2nd place: Leflaive Chevalier Montrachet 2004 (1x voted 1st, 6x 2nd). Huge wine that almost wants me to pull out terms like dry extract... which I won’t. A wine with everything in spades: ripe yellow peach, yellow pears, honey, toasty oak, barrel spice and just enough acid to cut through the unctuous body. Impressive wine but a bit short of the best Leflaive Chevy expressions in terms of precision and minerality. But another proofpoint that despite the undisputable issues that Leflaive faced in the 2000s, their Chevalier seems to be the least affected. May be less (over)worked in the winery?

3rd place: Henri Boillot Chevalier Montrachet 2004 (1x voted 1st, 4x 2nd). This was actually my personal second favourite this flight (and the night!). Henri Boillot prefers the Chevy to his Monty. I would agree and wonder where he sources the must from as I can’t quite find this quality level elsewhere. Très Puligny with tons of energy, minerality, cool white nectarines, white flowers, edges, angles, corners and an amazing fraicheur of lemon, lime and quinine (think tonic water bitterness). Painlessly intense and suspenseful. Astoundingly brilliant wine, one that stops all conversation. Puligny first. Period. End of sentence. 

4th place: Henri Boillot Montrachet (1x voted 1st, 2x 2nd). A touch rounder, riper with yellow as opposed to white fruits with candied ginger. A true oily seamlessness on the palate which made me guess this to be a Montrachet. I think in any normal tasting strong candidate for WOTN but this was everything but a normal tasting or flight.
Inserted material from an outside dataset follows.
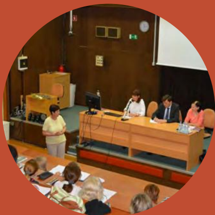
Ugotovljeno na spomladanskih posvetih o varnem in spodbudnem okolju bo predstavljeno na konferenci, ki bo predvidoma izpeljana novembra letos.

zaposlenim v šolah ne razkrije ali pa se počuti od njih nesprejete. Velja tudi, da so mlade LGBTIQ+ osebe najbolje sprejete med sošolkami in sošolci, čeprav doživljajo z njihove strani tudi nasilje. Po mnenju mladih bi učitelji in šole lahko pomembno izboljšali življenje LGBTIQ+ oseb v Sloveniji, v razpravi na posvetu pa so pripravili predloge za izboljšave na tem področju: več pozornosti bi namenili dostopnosti kontaktov, ki bi bili na voljo tistim, ki bi se znašli v stiski, v šolski hišni red bi vključili prepoved diskriminacije na podlagi spolne usmerjenosti in/ali spolne identitete, pogrešajo delavnice nenasilne komunikacije, šolsko svetovalno službo bi radi videli kot varen prostor za LGBTIQ+ osebe. Predvsem bi radi, da se dijake seznanijo, da so tudi LGBTIQ+ osebe na šoli dobrodošle, in da postane šola varen prostor za prav vse dijakinje in dijake.

5th place: Michel Niellon Chevalier Montrachet 2004 (no votes). A true pity as I have witnessed the brilliance of Niellon Chevy and when it’s on song it is really second to none. Unfortunately this bottle was cleary advanced and tired, something I witness too often for their wines between 1996 and 2005. 

Conclusion

WOTN: D’Auvenay Chevalier Montrachet 2004 (8x voted 1st). Recommendable you might ask? Only if one feels like dropping 5K USD for a bottle I’d pick this over the very few peers in this category: the good, atypical yet massively overpriced DRC Montrachet and the Leflaive Montrachet on which one better doesn’t waste too much money or words. Factoring in any wider notion of value for money I favour Ramonet Montrachet at one fifth of the price. 

2nd place: Jean-Marc Pillot Chevalier Montrachet 2004 (3x voted 1st). Recommended? Yes, simple as that. Finding a botte is less simple though.

3rd place: Henri Boillot Chevalier Montrachet 2004. Recommended? Yes! Typically I prefer Boillot’s domaine over the negoce bottlings but the vineyard quality seems to prevail. 

Having organized a full grower-bottled 2004 Montrachet tasting last year, this would be my virtual top 5 across the two tastings. 
1. D’Auvenay Chevalier Montrachet 2004
2. Drouhin Marquis de Laguiche Montrachet 2004
3. Comte Lafon Montrachet 2004
4. DRC Montrachet 2004
5. Henri Boillot Chevalier Montrachet 200

A final observation is that there are no Montrachets in the top 3 and in four out of five flights (except for PYCM) the Chevalier of the same producer was preferred to the Montrachet.  The Chevalier vs Montrachet discussion has many angles and nuances to it and I want to write a book on this topic one day. From the same perspective it’s also interesting to note that all the highflyers of the Montrachet tasting do not have a Chevalier. So one day there will be a blind taste-off between the winners of both tastings. As many of the 2004s still benefit from some additional aging this might be something for 2024… or 2029.